Édités de façon concertée par différents chercheurs, les traités des Petites sommes de logique paraissent au fur et à mesure qu’ils sont prêts et non pas dans l’ordre systématique de la somme buridanienne. Le premier traité, De propositionibus, vient ainsi après cinq autres publications. L’introduction de Ria van der Lecq, tout en reprenant, selon la règle de la série, des informations récurrentes sur le projet éditorial ou sur la vie et l’œuvre du Buridan, apporte quelques informations spécifiques. Elle rappelle d’abord de façon pertinente l’hypothèse de Jan Pinborg selon laquelle le geste du maître picard, consistant à prendre les Tractatus de Pierre d’Espagne comme manuel (serait-ce sous une version qui comprend à l’évidence un certain nombre d’interpolations) n’allait pas de soi et que Jean Buridan fut probablement le premier à procéder ainsi. Elle revient aussi sur les difficultés de datation de ces traités. Si une première version doit remonter aux années 1320-1330, la version disponible des Suppositions et celle des Sophismes sont à l’évidence plus tardives, la première en raison de la proximité avec le statut de 1340, la seconde en raison de la connaissance que manifeste Buridan de la doctrine de Grégoire de Rimini.
Le traité commence par un Proème général qui souligne le statut instrumental de la logique sous ses deux aspects, réfutatif et démonstatif. Cette mise au point se prolonge au début du chapitre premier en glosant la caractérisation que reprenait Pierre d’Espagne pour commencer son traité : la dialectique est l’art des arts.
Après une brève présentation (dans le Proème puis au début du chapiter premier) de la nature et de la fonction de la logique comme instrument pour toutes les sciences théoriques et pratiques, le traité De propositionibus inclut des éléments introductifs essentiels pour la sémantique des termes. C’est un des lieux où Buridan expose sa conception des rapports entre signe vocal et concept. C’est surtout le texte où Buridan va le plus loin dans l’élaboration d’un langage mental. En effet, si les concepts ne sont pas dits « signes conceptuels », mais sont les signifiés immédiats des signes (vocaux), ils n’en sont pas moins porteurs de certaines propriétés sémantiques (notamment la supposition) et s’organisent selon des rapports de prédication. Il y a des concepts complexes, des propositions mentales dont les extrêmes sont unis par un « concept complexif ». Ce sont ces propositions mentales qui sont les porteurs de vérité ; Buridan le souligne en s’écartant de la définition traditionnelle de la proposition comme « signifiant le vrai ou le faux » : cela ne vaut que pour la proposition parlée (ou écrite).
En ce qui concerne plus proprement la théorie des propositions, le traité développe certains points qui l’étaient beaucoup moins chez Pierre d’Espagne. Il s’agit, ainsi que le souligne l’éditrice, du chapitre 6 sur les conversions entre propositions, du chapitre 7 sur les propositions hypothétiques, et surtout du long chapitre qui concerne les propositions modales. Dans tous ces chapitres, Buridan s’émancipe de son modèle et manifeste son inventivité de logicien. Par exemple, dans le chapitre sur les hypothétiques, il critique la définition de Pierre selon laquelle une hypothétique serait composée de deux catégoriques.

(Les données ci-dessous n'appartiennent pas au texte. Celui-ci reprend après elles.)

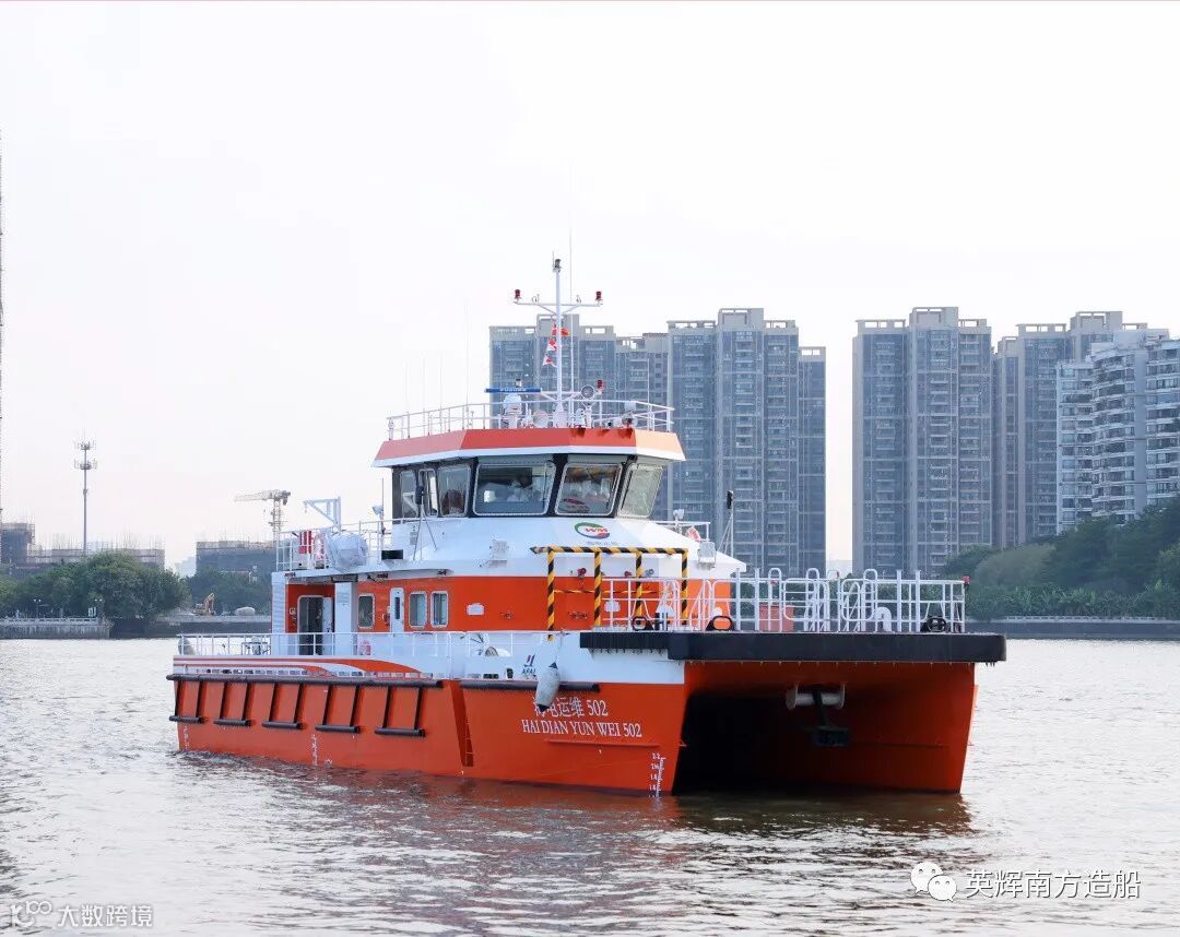 该船船东福建海电运维科技有限责任公司是国内走在最前端最具专业的风电运维公司之一,对专业风电运维船舶需求极为紧迫,对船舶建造周期要求极其严格。在船东的要求下,英辉南方保质保量,相较于合同期提前1个月完成交付,助力船东在繁忙的风电运维市场中赢得时间。英辉南方在铝合金船舶的高建造质量、精湛建造工艺以及高效精细的周期管控方面,再次赢得船东高度评价和十分满意的肯定。

Cette manière de parler est impropre, car il n’y a pour lui qu’une seule proposition. Ainsi, dans un ensemble complexe avec plusieurs sujet et prédicats, reliés par une conjonction ou un adverbe, les expressions qui seraient des catégoriques si elles étaient prises isolément perdent leur force assertive et ne sont plus des propositions. Ce n’est qu’une exemple, il y a bien des endroits où Buridan réfléchit de féçon critique sur le texte qui lui sert de base, afin d’élaborer et de préciser sa conception des propositions.

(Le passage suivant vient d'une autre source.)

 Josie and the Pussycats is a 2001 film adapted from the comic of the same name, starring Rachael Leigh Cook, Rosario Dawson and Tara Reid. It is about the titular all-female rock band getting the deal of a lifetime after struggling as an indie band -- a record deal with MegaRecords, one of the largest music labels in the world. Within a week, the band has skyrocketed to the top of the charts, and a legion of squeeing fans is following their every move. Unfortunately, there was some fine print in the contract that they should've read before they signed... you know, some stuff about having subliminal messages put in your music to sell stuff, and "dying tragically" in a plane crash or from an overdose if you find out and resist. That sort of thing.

Ainsi, nous disposons maintenant des traités 1 (De propositionibus), 2 (De praedicabilibus), 3 (De praedicamentis), 4 (De suppositionibus), 8 (De demonstrationibus) et 9 (De practica sophismatum – voir notice supra dans Comptes rendus d’ouvrages parus en 2004) des Petites Sommes de logique. Ne manquent plus que les traités 5 (De syllogismis), 6 (De locis) et 7 (De fallaciis) pour que soit à nouveau accessible, pour la première fois depuis la Renaissance, l’une des plus importantes sommes de logique du Moyen Âge tardif.